■ **DATASET EXCERPTS**:

======

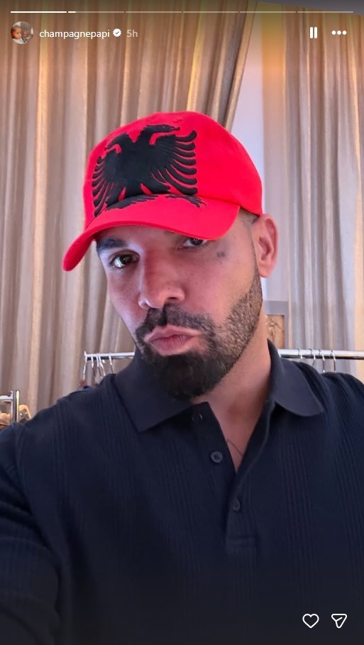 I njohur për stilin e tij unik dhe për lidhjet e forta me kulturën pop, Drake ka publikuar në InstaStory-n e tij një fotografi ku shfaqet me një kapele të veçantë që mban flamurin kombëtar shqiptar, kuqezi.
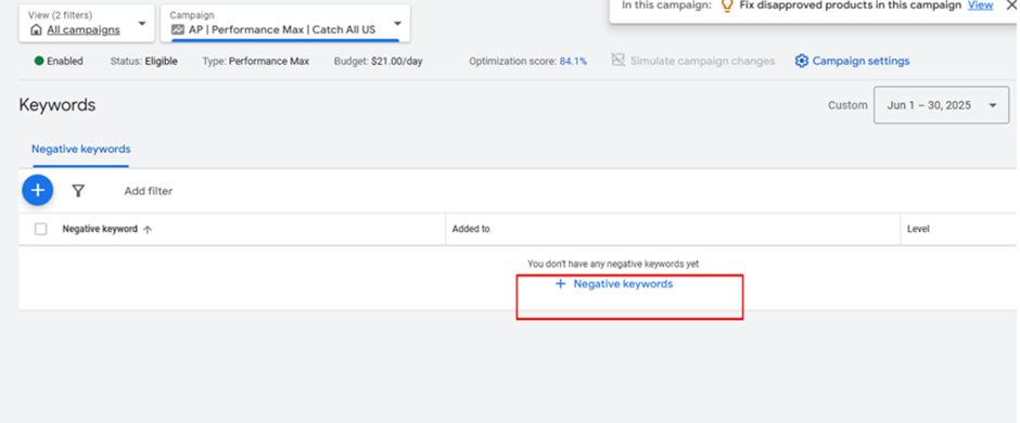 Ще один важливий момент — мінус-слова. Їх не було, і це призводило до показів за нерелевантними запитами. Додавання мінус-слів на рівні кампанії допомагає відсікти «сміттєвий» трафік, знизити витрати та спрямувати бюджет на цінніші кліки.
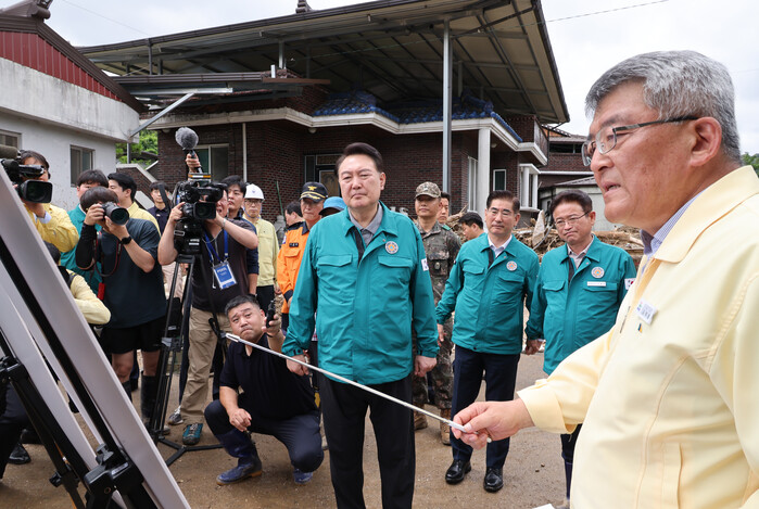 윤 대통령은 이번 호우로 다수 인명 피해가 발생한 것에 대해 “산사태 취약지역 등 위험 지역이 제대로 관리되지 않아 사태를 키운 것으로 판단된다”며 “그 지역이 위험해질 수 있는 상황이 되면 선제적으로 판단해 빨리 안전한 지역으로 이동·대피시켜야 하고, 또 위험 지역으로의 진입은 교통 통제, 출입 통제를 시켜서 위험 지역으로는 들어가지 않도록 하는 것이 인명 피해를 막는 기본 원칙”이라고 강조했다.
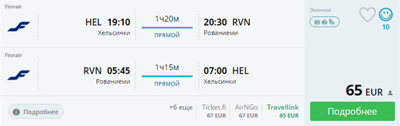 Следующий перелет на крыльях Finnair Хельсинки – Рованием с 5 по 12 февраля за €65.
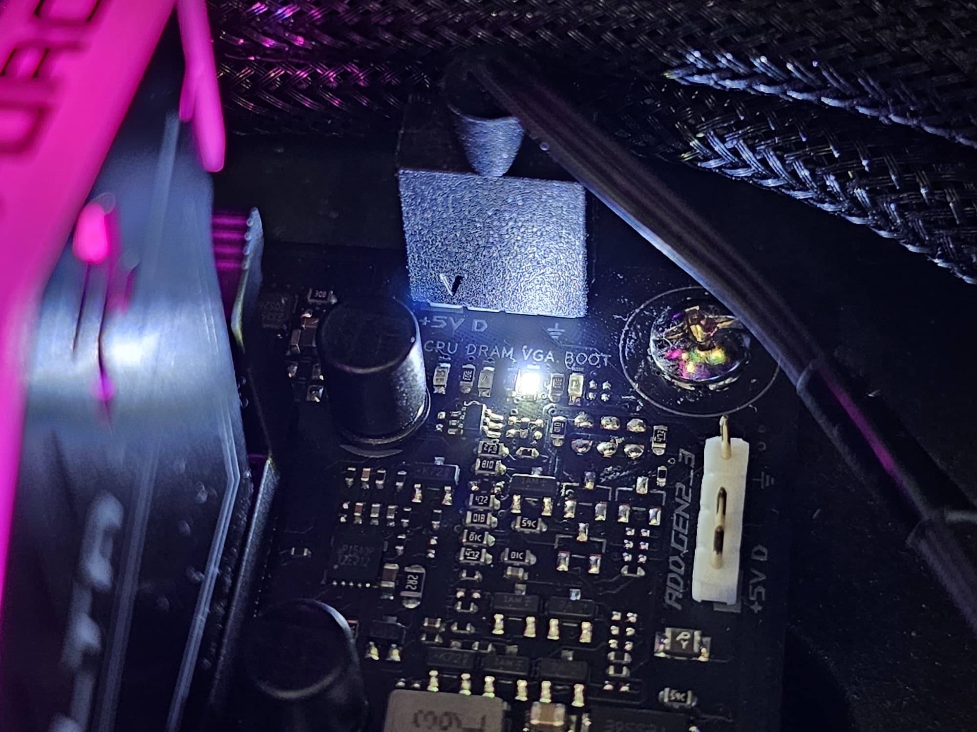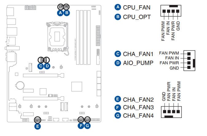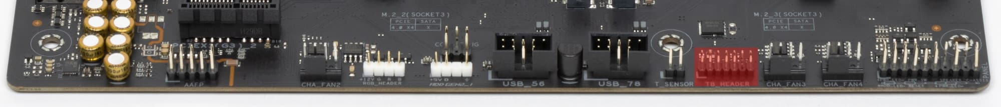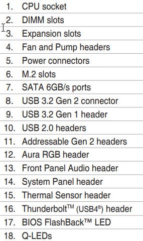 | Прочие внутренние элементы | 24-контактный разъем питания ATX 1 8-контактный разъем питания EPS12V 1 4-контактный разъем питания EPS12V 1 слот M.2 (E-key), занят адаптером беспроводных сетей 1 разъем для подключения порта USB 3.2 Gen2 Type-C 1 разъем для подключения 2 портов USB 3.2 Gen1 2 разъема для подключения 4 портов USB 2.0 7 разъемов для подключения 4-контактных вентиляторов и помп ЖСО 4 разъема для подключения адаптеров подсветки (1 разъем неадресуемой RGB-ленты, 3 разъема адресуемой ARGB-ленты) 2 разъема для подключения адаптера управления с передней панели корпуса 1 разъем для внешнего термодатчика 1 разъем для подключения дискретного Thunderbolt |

======

■ **WHAT IS NEEDED**: Omit the pictures and output all remaining material exactly.

■ **TASK RESPONSE**:
 I njohur për stilin e tij unik dhe për lidhjet e forta me kulturën pop, Drake ka publikuar në InstaStory-n e tij një fotografi ku shfaqet me një kapele të veçantë që mban flamurin kombëtar shqiptar, kuqezi.
 Ще один важливий момент — мінус-слова. Їх не було, і це призводило до показів за нерелевантними запитами. Додавання мінус-слів на рівні кампанії допомагає відсікти «сміттєвий» трафік, знизити витрати та спрямувати бюджет на цінніші кліки.
 윤 대통령은 이번 호우로 다수 인명 피해가 발생한 것에 대해 “산사태 취약지역 등 위험 지역이 제대로 관리되지 않아 사태를 키운 것으로 판단된다”며 “그 지역이 위험해질 수 있는 상황이 되면 선제적으로 판단해 빨리 안전한 지역으로 이동·대피시켜야 하고, 또 위험 지역으로의 진입은 교통 통제, 출입 통제를 시켜서 위험 지역으로는 들어가지 않도록 하는 것이 인명 피해를 막는 기본 원칙”이라고 강조했다.
 Следующий перелет на крыльях Finnair Хельсинки – Рованием с 5 по 12 февраля за €65.
 | Прочие внутренние элементы | 24-контактный разъем питания ATX 1 8-контактный разъем питания EPS12V 1 4-контактный разъем питания EPS12V 1 слот M.2 (E-key), занят адаптером беспроводных сетей 1 разъем для подключения порта USB 3.2 Gen2 Type-C 1 разъем для подключения 2 портов USB 3.2 Gen1 2 разъема для подключения 4 портов USB 2.0 7 разъемов для подключения 4-контактных вентиляторов и помп ЖСО 4 разъема для подключения адаптеров подсветки (1 разъем неадресуемой RGB-ленты, 3 разъема адресуемой ARGB-ленты) 2 разъема для подключения адаптера управления с передней панели корпуса 1 разъем для внешнего термодатчика 1 разъем для подключения дискретного Thunderbolt |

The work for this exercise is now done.